_Problem description_
Within the records that follow, restate exactly the lines from the line with "Turnbull & Asser" down to the line with "Для создания Верстака", including both. Omit the pictures.

_Supplied records_

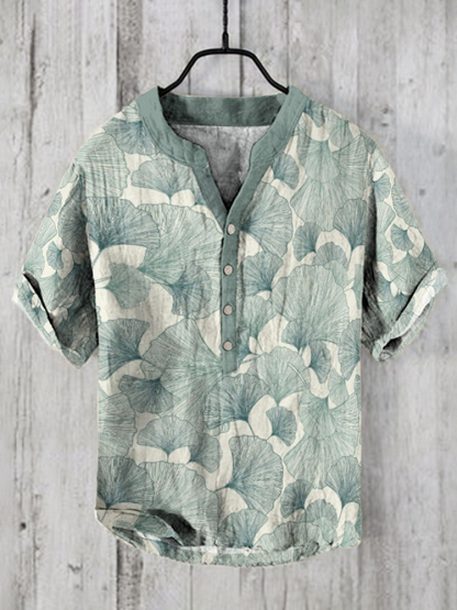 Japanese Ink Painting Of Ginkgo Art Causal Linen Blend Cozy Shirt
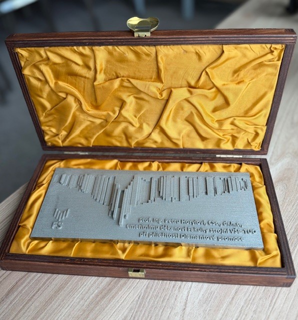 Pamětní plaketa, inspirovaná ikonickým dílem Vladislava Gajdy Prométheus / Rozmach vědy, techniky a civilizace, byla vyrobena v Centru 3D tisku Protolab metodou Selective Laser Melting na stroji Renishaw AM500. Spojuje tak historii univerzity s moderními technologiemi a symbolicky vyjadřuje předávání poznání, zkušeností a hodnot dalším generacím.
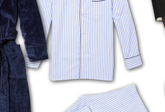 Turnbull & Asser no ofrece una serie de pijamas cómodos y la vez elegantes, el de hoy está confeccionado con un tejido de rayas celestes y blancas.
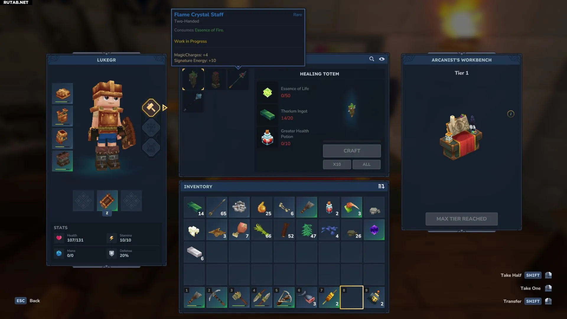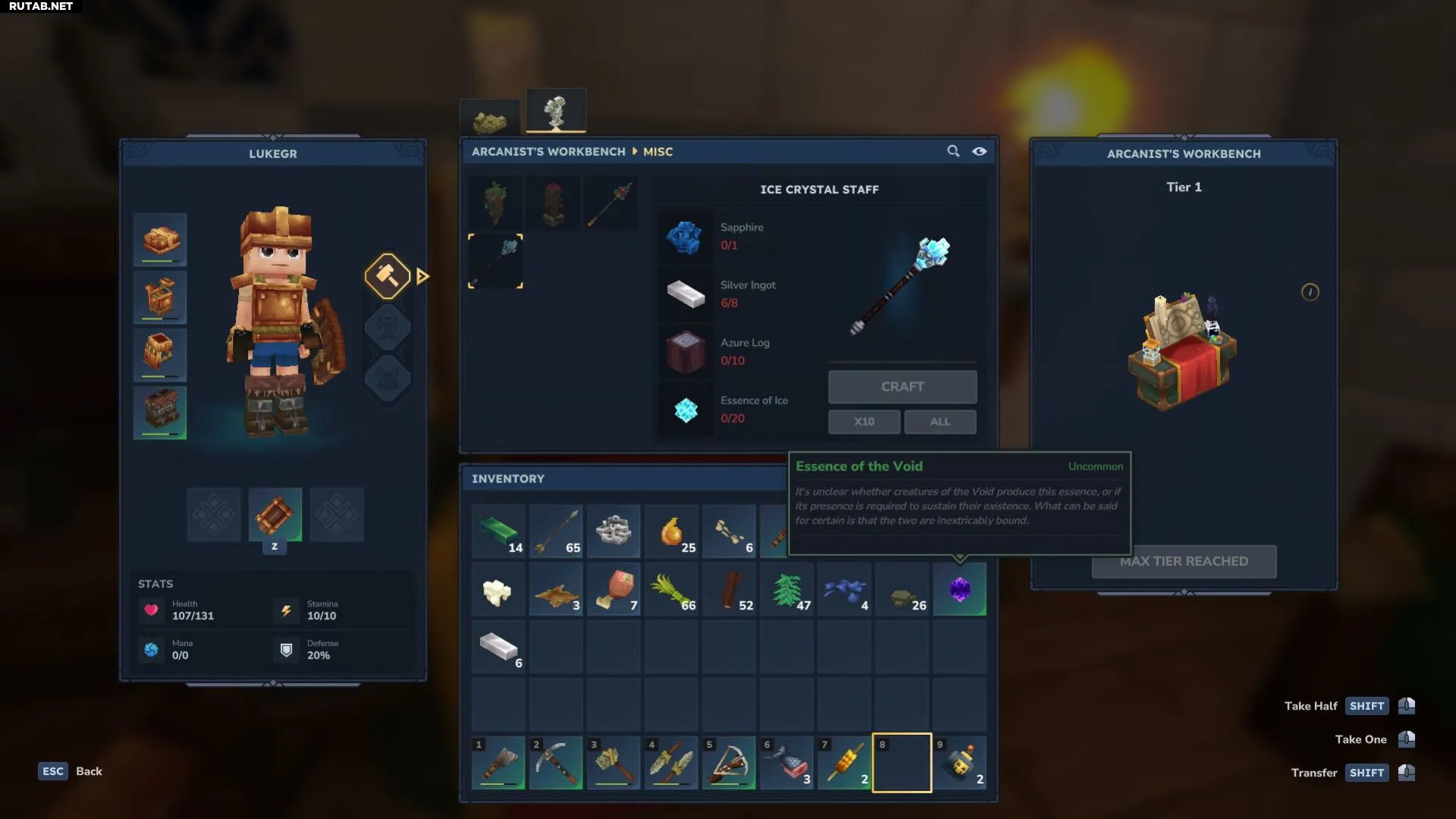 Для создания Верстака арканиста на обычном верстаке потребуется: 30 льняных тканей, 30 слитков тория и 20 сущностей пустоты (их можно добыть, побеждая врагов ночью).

==

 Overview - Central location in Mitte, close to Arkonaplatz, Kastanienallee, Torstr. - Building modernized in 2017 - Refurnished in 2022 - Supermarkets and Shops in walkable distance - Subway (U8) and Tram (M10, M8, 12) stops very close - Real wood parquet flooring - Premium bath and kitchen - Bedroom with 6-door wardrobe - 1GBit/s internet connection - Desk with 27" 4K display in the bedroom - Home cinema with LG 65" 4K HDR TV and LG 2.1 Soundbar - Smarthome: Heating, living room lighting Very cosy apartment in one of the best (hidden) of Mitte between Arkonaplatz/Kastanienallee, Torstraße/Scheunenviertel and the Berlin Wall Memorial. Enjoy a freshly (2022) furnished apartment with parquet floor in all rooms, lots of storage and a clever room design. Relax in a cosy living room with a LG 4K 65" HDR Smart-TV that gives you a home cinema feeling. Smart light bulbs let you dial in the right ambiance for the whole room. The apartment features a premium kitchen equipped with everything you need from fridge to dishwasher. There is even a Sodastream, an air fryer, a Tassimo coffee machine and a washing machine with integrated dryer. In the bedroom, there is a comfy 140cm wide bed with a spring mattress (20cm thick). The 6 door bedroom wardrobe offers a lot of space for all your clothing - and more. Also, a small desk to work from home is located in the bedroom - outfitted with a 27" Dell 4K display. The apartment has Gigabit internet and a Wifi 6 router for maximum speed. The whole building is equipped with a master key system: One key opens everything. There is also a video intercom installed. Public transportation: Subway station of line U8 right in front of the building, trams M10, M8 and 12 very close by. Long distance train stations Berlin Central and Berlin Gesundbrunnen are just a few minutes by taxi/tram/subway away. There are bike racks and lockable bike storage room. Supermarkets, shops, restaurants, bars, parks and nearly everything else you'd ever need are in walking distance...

* * *

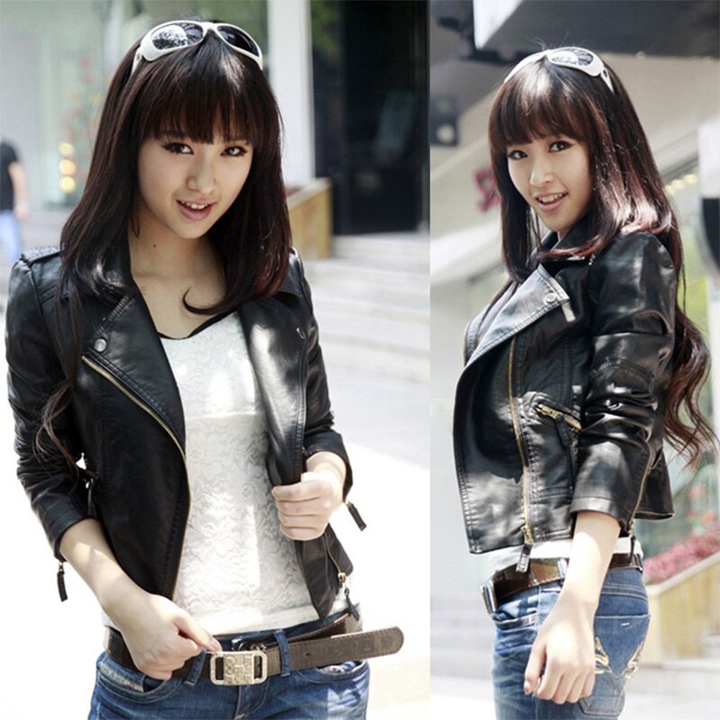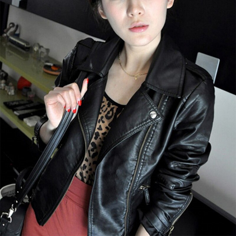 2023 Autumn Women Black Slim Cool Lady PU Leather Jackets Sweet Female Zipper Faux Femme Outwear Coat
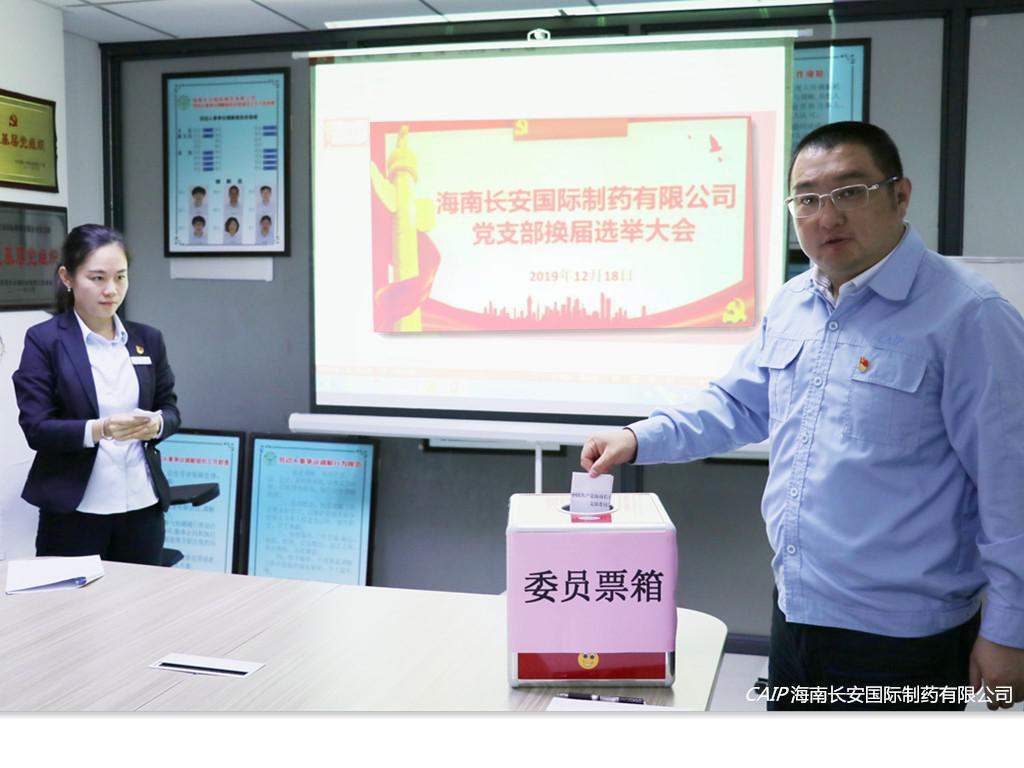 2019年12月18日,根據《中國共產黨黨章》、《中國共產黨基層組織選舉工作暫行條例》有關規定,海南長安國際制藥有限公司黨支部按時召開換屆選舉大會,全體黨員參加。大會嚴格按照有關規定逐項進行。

_Task output_
 Turnbull & Asser no ofrece una serie de pijamas cómodos y la vez elegantes, el de hoy está confeccionado con un tejido de rayas celestes y blancas.
 Для создания Верстака арканиста на обычном верстаке потребуется: 30 льняных тканей, 30 слитков тория и 20 сущностей пустоты (их можно добыть, побеждая врагов ночью).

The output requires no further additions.